Moderation of Supportive Co-Parenting

Finally, the study revealed that supportive co-parenting moderated the link between maternal COVID-19 distress and parenting stress, which confirmed the ecological model of co-parenting and suggested that supportive co-parenting plays a buffering or protective role in the impact of risk factors on family outcomes.64 Our results are consistent with the study by Jam et al, who found that supportive co-parenting attenuated the influence of stressful events on parenting stress.17 The supportive co-parenting relationship is a valuable and supportive resource for distressed mothers during the COVID-19 pandemic or in adverse situations; thus, the relationship can effectively mitigate the effects of maternal distress on parenting stress. Our findings further revealed that supportive co-parenting moderated the mediation effect of parenting stress between maternal distress and children’s problematic media use, and the serial mediation effect of parenting stress and NIUMP. Researchers argued that supportive co-parenting could, in theory, alleviate family stress and its effects, promote parental adjustment, and enhance child social adjustment,60 which was confirmed by the current empirical study. Future research should continue to explore other protective factors, such as parental mindfulness, to enhance the functioning of families and members in adverse situations.

Conclusion

The current study investigated the relationship between maternal COVID-19 distress and problematic media use in children, and our findings showed that: (1) maternal COVID-19 distress was positively related to children’s problematic media use; (2) parenting stress and NIUMP partially mediated the association between maternal COVID-19 distress and children’s problematic media use, respectively, and parenting stress and NIUMP acted as serial mediators in this relationship; and (3) supportive co-parenting moderated the association between maternal COVID-19 distress and parenting stress, and supportive co-parenting buffered the mediating effect of parenting stress and the serial mediating effect of parenting stress and NIUMP. These findings suggested that the critical to prevent children’s problematic media use is to enhance parents’ mental health and the quality of digital parenting.

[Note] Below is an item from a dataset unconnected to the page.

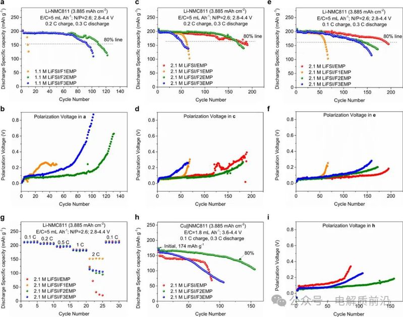 使用高压(4.4 V)和高负载(3.885 mAh cm–2)LiNi0.8Co0.1Mn0.1O2阴极进行的进一步全电池测试表明,在有限的Li(50μm)和贫电解质(5 mL Ah−1)条件下进行168次循环,在极贫电解质(1.8 mL Ah–1)和无阳极条件下进行129次循环后,F2EMP电解质能够保持80%的容量。
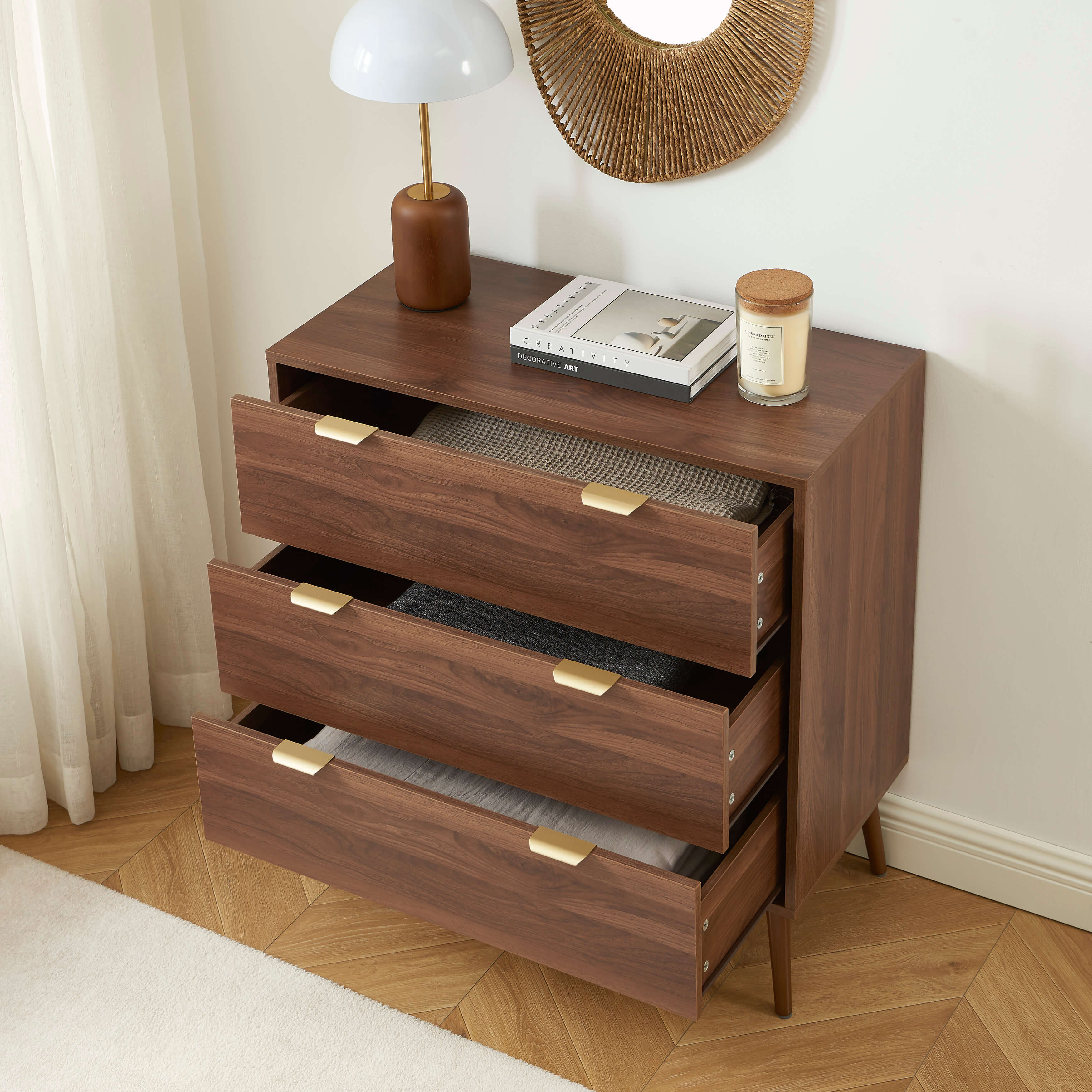 Commode JEANNE 3 tiroirs effet noyer 80cm

This study has some limitations. First, the current study was a cross-sectional study that can only establish correlations and can not identify causality and direction of effects among variables. Future studies should use a longitudinal design to explore these relationships and examine the effects’ direction over time. Second, although our study took multiple approaches to reduce sample bias in the questionnaire (such as setting reverse-scoring items), it could only be avoided partially. Future studies should take various measures to reduce bias, including observation and interviews. Third, two items were used to assess maternal COVID-19 distress, which is relatively simple and convenient but needs to be more accurate.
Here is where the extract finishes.